In my opinion this is the direction that I expect applied microeconomics research to go over time. More and more of what applied microeconomists do with their brains will be delegated out to well-constructed agentic systems.

Why expertise still matters

One astute point that Scott made later in the discussion is that he thinks the returns to knowing econometrics well increase rather than decrease due to AI. The reason he thinks this is that you can only work with AI to the extent of your level of understanding. If you have a poor understanding of econometrics, then AI can produce output that superficially looks right but in fact has some substantive error or some taste-based error.

As another example of this, recently Anthropic released their Fable model.
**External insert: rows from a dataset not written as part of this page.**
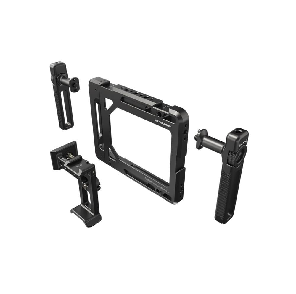 - 雙手柄設計\n - 多種器材延伸組合介面\n - 內附多用途設備接環\n - CNC 鋁合金構造
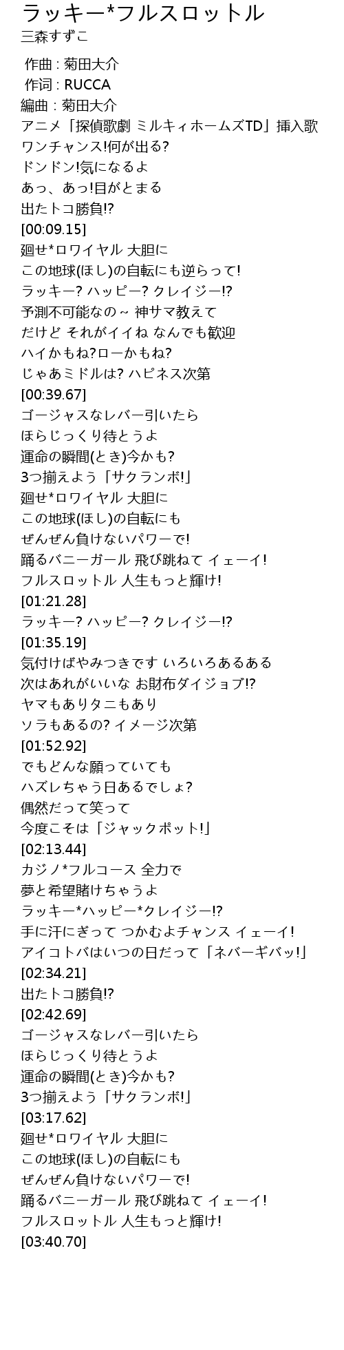 | [02:21.63] | ラッキー*ハッピー*クレイジー!? |
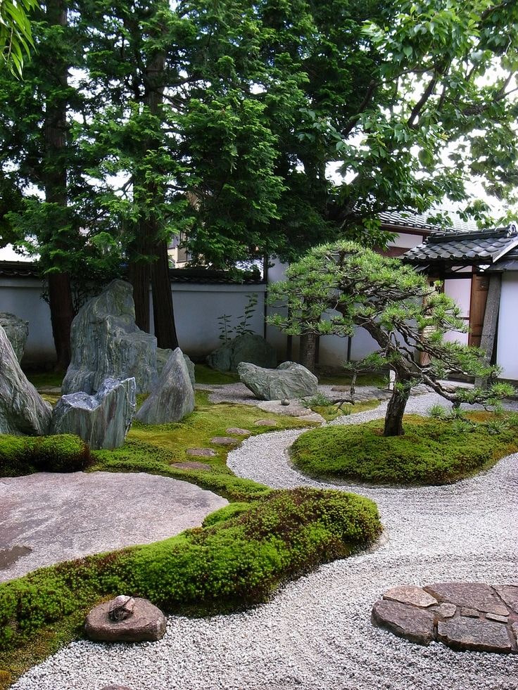 By the way, water must be mandatory: preferably in the form of a pond with aquatic plants and fish (at least artificial). Trees are either trimmed into a rounded shape or grown like a bonsai.
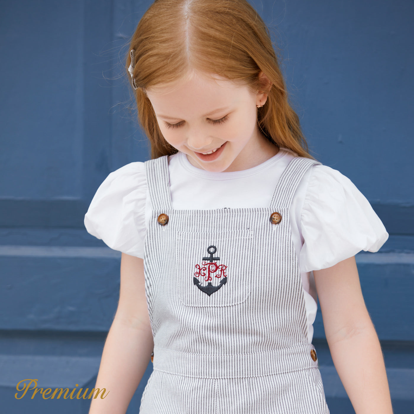 Toddler Girl/Boy Anchor Embroidered Patch Pocket Striped Overall Shorts
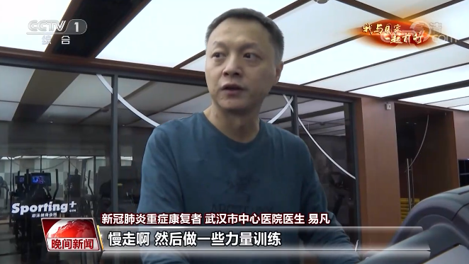 新冠肺炎重症康复者、武汉市中心医院医生 易凡:主要是恢复性的训练,不敢搞太剧烈的。慢走,然后做一些力量训练。
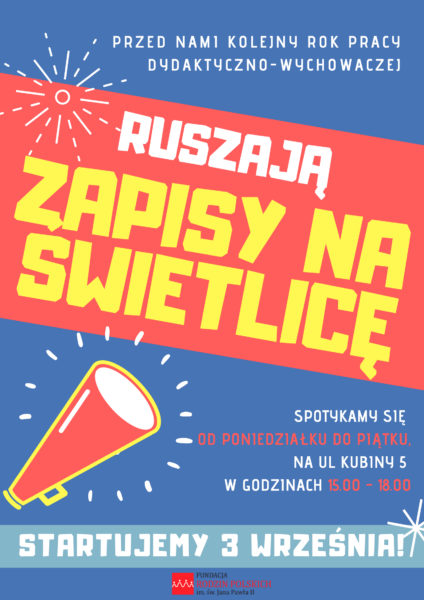 Zapraszamy serdecznie wszystkich zainteresowanych zajęciami, którzy chcą dołączyć do nas w tym roku szkolnym już w poniedziałek. Świetlica będzie działała jak poprzednio – od poniedziałku do piątku. Zajęcia rozpoczynamy o godzinie 15.00 i spędzamy razem 3 godziny na zabawie, nauce i wspólnych zajęciach. Serdecznie zapraszamy!

This is a roughly equivalent model to Mythos, which Anthropic announced about a month ago and was released only to select firms using it for security hardening purposes.

Tyler Cowen proposed a test of the Fable model: have it ask for and produce an answer to a graduate-level microeconomic theory problem. Ben Golub of Northwestern University and Refine implemented this test, but he found all sorts of problems, both substantive and taste-based/contextual, with the problem and solution that Fable gave him. (Ben Golub's post)

Tyler Cowen's Marginal Revolution post proposing a microeconomic theory test for Mythos/Fable.

Ben Golub's X post evaluating the model's qualitative economic reasoning.

In my own domains of expertise I also see the limits to blindly trusting AI on your hardest problems.

Agentic causal inference systems

However, what I think is possible is the creation of agentic systems that take best practices in causal inference and map them out in a decision tree-like structure. This would allow you to evaluate, in a certain situation, exactly which causal approach and which standard error computation approach you ought to take.

Claude Code asks a researcher to choose among causal inference paths while the researcher checks assumptions.

Now there may be taste-based decisions also to make here. Different researchers, for example, have different opinions on the credibility or usefulness of synthetic control methods. And so you'd have to take a stance.

But I do believe that more automation of applied microeconomics research is possible in a way that is not just creating AI slop and is generally useful.

The Fable model, which Anthropic recently released, is only generally available until June 23. And so what I'm going to be doing, in part, is playing around with the creation of agentic causal systems. If you have a Claude Code subscription, I also recommend that you use Fable on your hardest problems while it's available.